In an effort to gain market share from full-suite CRM firms like Siebel and PeopleSoft, Chordiant Software is trying to be all things to all people. And, in an increasingly tough market for the smaller CRM vendors, its strategy could point to the means by which smaller firms might survive the current dip in IT spending.
Chordiant is integrating a string of recent acquisitions and product releases with its existing product portfolio.
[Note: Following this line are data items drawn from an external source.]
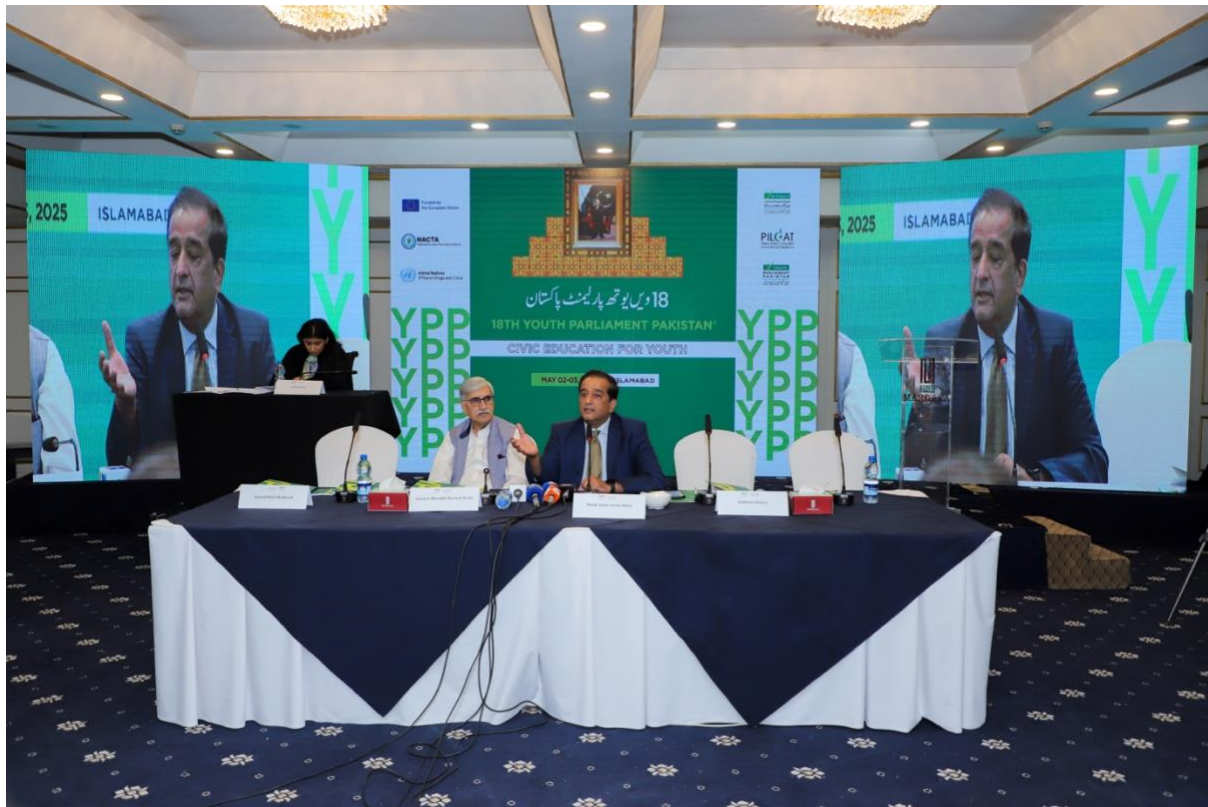
Malik Amin Aslam Khan, former Federal Minister for Climate Change talking about the adverse effects of climate change and how they lead to extremism at the policy dialogue; at the 7th session of 18th YPP

of dollars in economic losses a toll that reflects both human suffering and systemic fragility.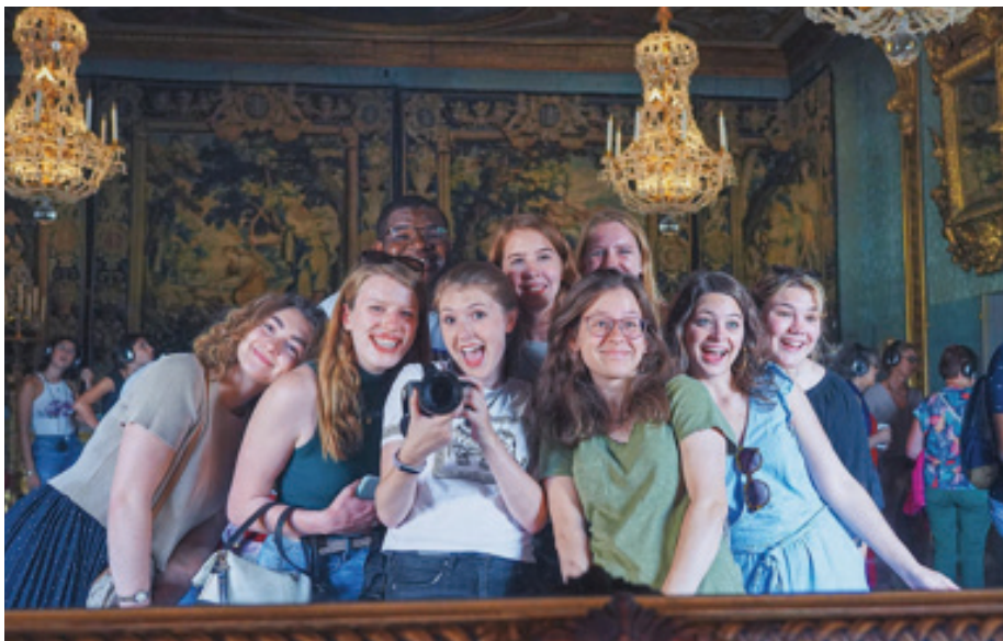
Top left: La Joie d’étudier en France: visiting the Château de Versailles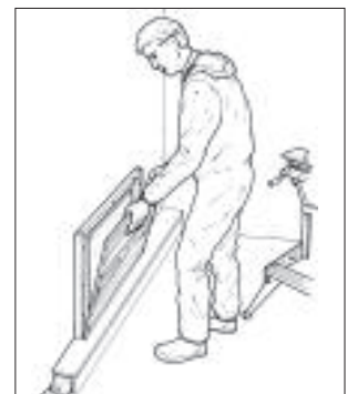
Use non-asbestos boarding to protect asbestos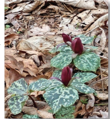
Sweet Betsy Trillium

As you walk the 1.6-mile loop, you will hear from the pastures the songs of Meadowlarks and Bluebirds, garbed in their brightest plumage, followed by a chorus of Spring Peepers and Bullfrogs in Betsy Pond and the nearby streams. Just across the trail from Little Niagara waterfall, tiny Spring Ephemeral wildflowers are pushing up through the blanket of last year's leaves to announce the arrival of warmer days. Trout Lilies, Bloodroot, Bluets, and Trilliums await careful observers.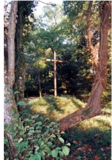
Cross of God Alone, Martillac

To live like this In today's world, we need to face the challenge of opposition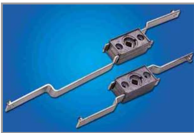
連動式鎖網 Safety Lock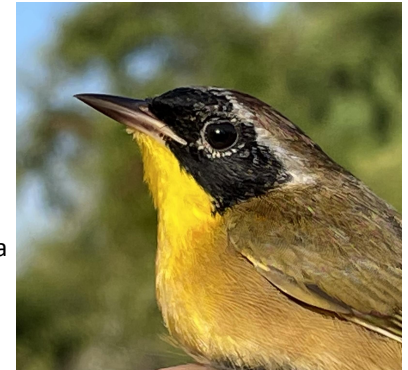
Common yellowthroat

As you head out on the waterways this month, be on the lookout for all the beautiful yellow natives. —Bret Wagenhorst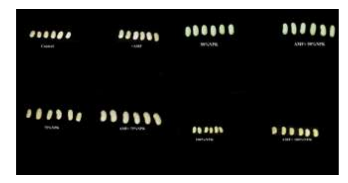
Fig.1 : Effect of different levels of NPK fertilizers on seeds yield of non-mycorrhizal and mycorrhizal common bean plants.

colonization was observed in the non-inoculated. AM colonization can improve the uptake of nutrients that can reflected on the yield components of common bean plants. This result supports the previous findings of (Smith and Gianinazzi-Pearson, 1990; Cavagnaro et al., 2005; Sheng et al., 2013) who indicated that increased soil phosphorus generally reduced AMF development and consequently the mycorrhizal benefits. In addition, these results are in accordance also with Abdullahi and Sheriff (2013) who reported that Root% colonization was affected with increase in fertilizer application in all the treatments. Thus, the high rate of chemical fertilizers application, led to antagonistic interaction with mycorrhiza. Mycorrhizal colonization % level of inoculated plant with increase in fertilizer application is in agreement with the fact that excessive chemical fertilizers have negative effect on AMF colonization (Valentine et al., 2001; Gryndler et al., 2005).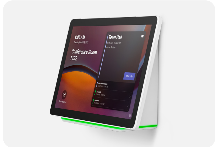
Figure 3: Room Navigator deployed as a native Microsoft Teams panel

And when using the native Cisco solution for room booking, you can significantly simplify your deployment, lower total cost of ownership and ease management efforts by leveraging a single vendor to provide platform agnostic video collaboration devices, the underlying meeting service, the room control hardware, and the associated room booking software solution.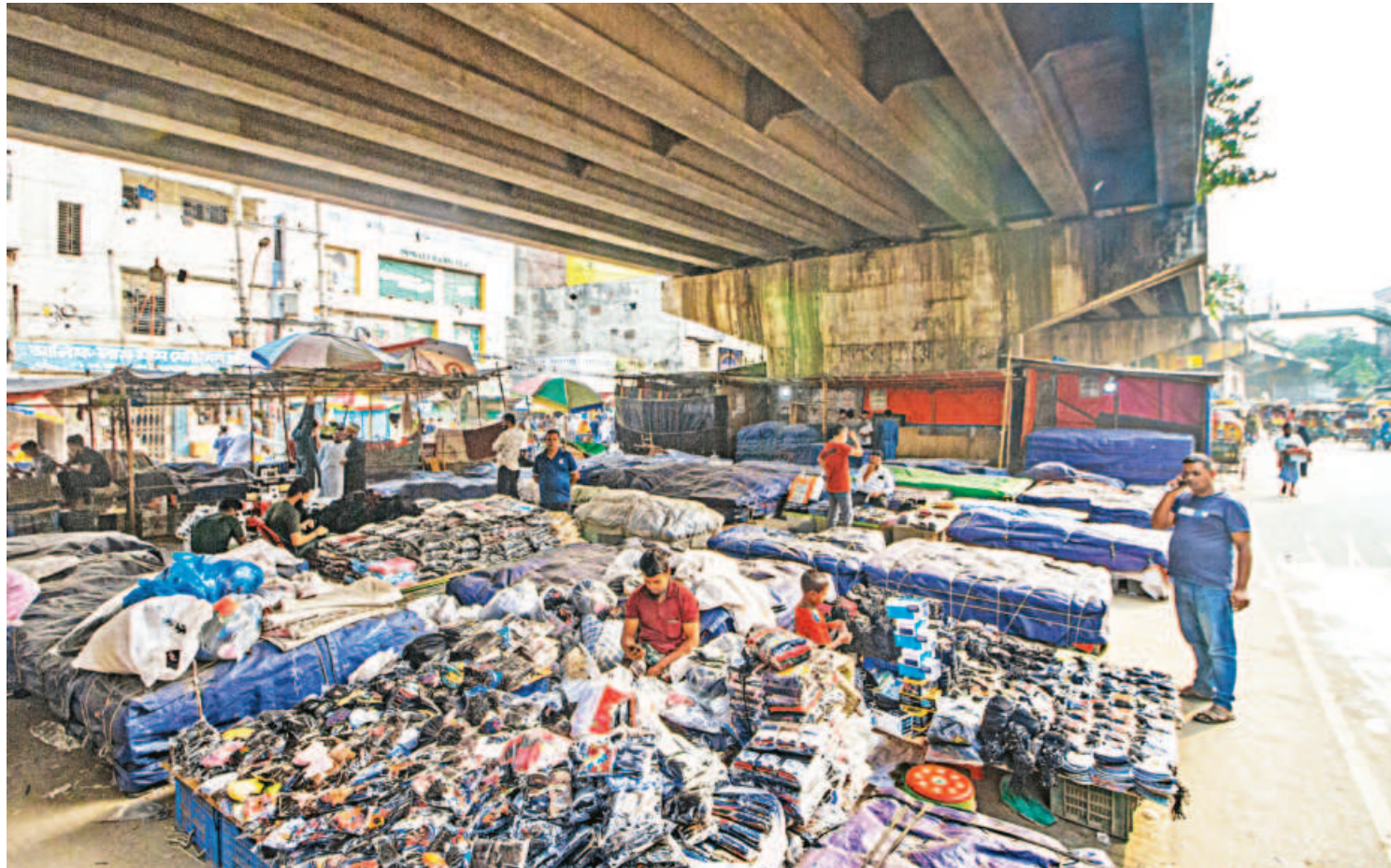
Illegally occupying the space beneath the Babu Bazar Bridge in the capital, makeshift street vendors begin readying for the day's trade, defying existing regulations. The photo was taken recently.

In this way, the Cupertino, California-based firm hopes to turn itself from a point CIM (customer interaction management) company into an enterprise-suite CRM vendor.
The firm's latest product releases are Collaborative Connect, CRM Web-collaboration software (for turning website visits into sales) and Unified Solution Builder (a software application designed to reduce the cost and complexity of CRM installations.) Both products are part of Chordiant's ongoing strategy to centralize customer and product data for the highly distributed business-to-consumer organizations it sells to. Just as importantly, the products broaden the range of customers Chordiant can sell and, subsequently, upsell to.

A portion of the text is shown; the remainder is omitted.